休日に何をしていますか?

 一体、何を話せばAIか、AIじゃないかを見分けられるのだろうか?

 AIの専門家ならわかるのかもしれないけれど、僕はそうじゃない。


 自然と出来上がった男女二人ずつの三グループ。

 僕のパートナーは香菜。

 他の二組も、それぞれで何か相談しているみたいだ。

 

「生活じゃないかな?」

「え? どういうこと?」

「患者さんの生活を知るために、『休日に何をしていますか?』みたいに聞くことがあるの。AIって結局プログラムだから、生活していないわけでしょ? だから休日のことを聞いたらわかるかなって」

「――休日のことか。それにするか」


 タイマーはすでに6:30を超えた。

 手をこまねいていても、何も変わらない。

 少しでも話してヒントを得なければ、THE ENDジ・エンドなのだ。


 香菜の提案をみんなに伝えると、四人とも頷いてくれた。

「それじゃあ」と、まず香菜が口を開いた。


「私は平日にアルバイトをしたり遊んだりしがちなので、休日にむしろ勉強して課題に追いついていることが多いかな」


 何だか真面目だな。

 でもそういう面が、とても信頼できる感じがして、僕は嫌いじゃない。

 香菜が「知也くんは?」と振り返る。


「インドアなんだ。ゴロゴロして本を読んでいることが多いかな。最近は外に出かけるようにしているけどね。コロナで体もなまりすぎているんで」


 コロナで体もなまりすぎている、のところで「あー、わかるー」という空気。

 次におずおずと口を開いたのは、宮下さんだった。


「休日は友達とか家族と一緒に出かけたり、サッカーをしたりしています。時間があれば、自分のサッカーの力を伸ばすためにトレーニングをしたりもしています」

「サッカー好きだね! ほんと」


 YouTuberの田中裕太が盛大なリアクションでのけぞると、宮下さんはポニーテールの後頭部に手を当てて小さく舌を出した。


「田中くん、君は?」

「YouTube動画のためのネタ探しをしにいくことが多いよ!」


 顎に手をあてて、ギョロリと目を見開く。

 なんだかいかにも「イイね!」の高評価と、「チャンネル登録」を求めているような顔に、何だか別種の生き物を見ている感じがした。僕は気を取り直して、視線を次へと動かした。

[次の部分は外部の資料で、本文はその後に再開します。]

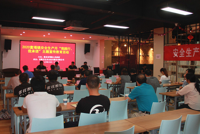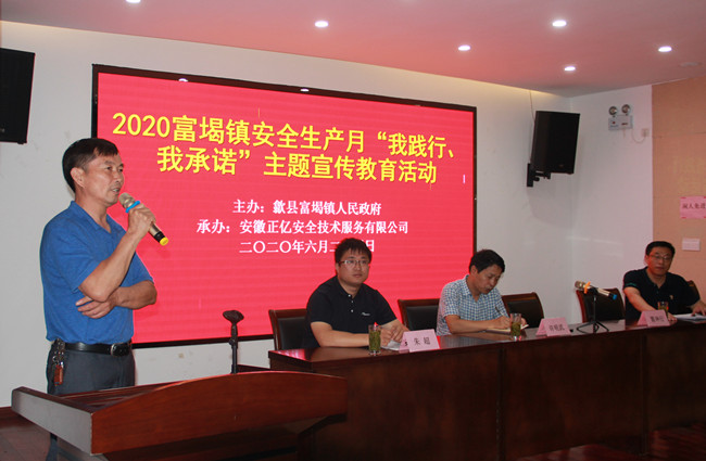 2020年6月24日,2020’富堨鎮安全生產月“我踐行,我承諾”主題宣傳教育活動在我中心順利舉辦。富堨鎮政府分管副鎮長朱超作主題講話,縣應急管理局副局長許明武到會指導,富堨園區重點企業負責人及安全管理人員30余人參與主題活動。此次活動由富堨鎮政府主辦,安徽正億安全技術服務公司承辦。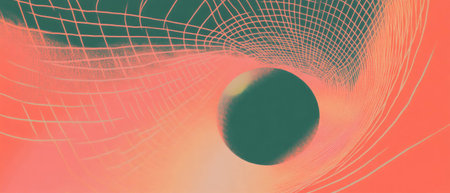 This artwork visually captivates with a glowing grid and a blue sphere, perfect for illustrating themes of technology, space, and digital innovation in a modern setting.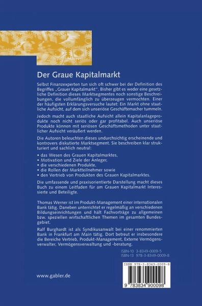 Mit diesem Buch werden erstmals umfassend die Rollen der Beteiligten am Grauen Kapitalmarkt dargestellt und deren Interessen, Rechte, Pflichten erläutert. Daneben werden ausgewählte Produkte besprochen und ihre individuellen Konzeptionsmerkmale im Einzelnen dargestellt. Weiterhin werden die wichtigsten Merkmale eines seriösen Vertriebs den unseriösen Praktiken gegenübergestellt und die Unterschiede für den Anleger deutlich gemacht.
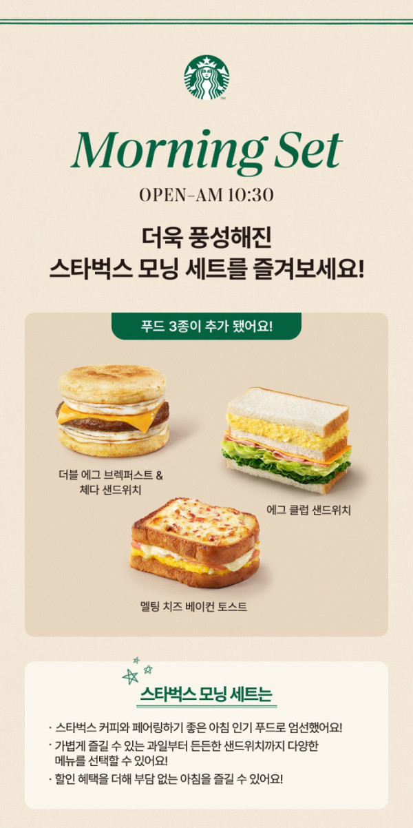 앞서 스타벅스는 작년 9월 오전 10시30분까지 음료와 음식으로 구성된 세트 메뉴를 구매하면 할인해주는 ‘스타벅스 모닝 세트’를 출시해 현재까지 운영 중이다. 톨 사이즈 아메리카노 또는 라떼를 행사 대상 식품과 함께 구매하면 최대 1500원 할인 혜택을 제공한다.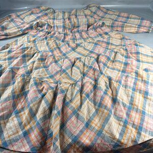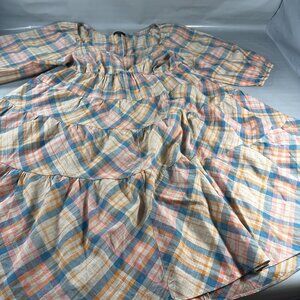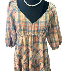 Drew Anthropologie Babydoll Dress Women Prairie Windowpane Plaid Cottagecore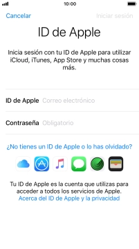 Si no tienes un ID de Apple, pulsa ¿No tienes un ID de Apple o lo has olvidado? y sigue las indicaciones de la pantalla para ver cómo crear un ID de Apple.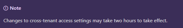 after clicking save you should see that the cross tenant access settings were successfully updated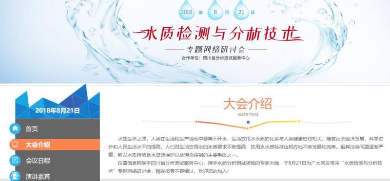 仪器信息网联手四川省分析测试服务中心,携手水质分析测试领域的专家大咖,于8月21日为广大网友带来“水质检测与分析技术”专题网络研讨会,精彩报告不容错过,欢迎您的加入!

「まぁ、日曜日はギリギリで家族サービスしているよ。子供をどっかに連れて行くとかな」

「主婦に休日って無いですからね。なんなら子供たちが学校にいっている時間が休日みたいなものです」


 大人2人組の返答は落ち着いたものだった。


「子供たちが学校にいる時間って、実は休日になってるの?」


 好奇心を浮かべた表情で、宮下弥生が結城未映子に問いかけた。


「いや、そんなことはないですよ。子供たちがいない時間が休日になるのは、家事を片付ける時間なんですよ。家事を片付けてから休日として楽しめる時間があるといいなぁと思うんですよね」

「そうなんだ。確かに、子供たちがいない時間を有効活用して、楽しむ時間を作るのはいいですね」


 結婚して家庭をもつ女性と、そんな未来をまだ選択する手前にある女性研究者の卵。

「いいですね」と言いながら、彼女が本当に「主婦」である結城さんことをリスペクトしているのかは、わからなかった。

 女性研究者はしばしばキャリア上、厳しい立場にあり、主婦に収まる女性に対して苛立ちを覚えたりするみたいだから。

 二人の間に、そんな緊張感を覚えたのは、僕だけだろうか。


「本好きなんだね。古本屋巡りとかはしないの?」


 隣から香菜が上目遣いで、僕の顔を覗き込む。


「古本屋巡りはあまりしないかな。でも、興味はあるよ。――今度、いっしょに行こうか?」

「この部屋から出られたらね!」


 誘われたような、振られたような。


 でも彼女の隣に立っていることは、なんだかとても気分が良かった。

 こんな最悪なデスゲームの中だけれど。

 彼女がAIでないことを願わざるをえない。


 カウントダウンタイマーの数字はついに「4」へと突入した。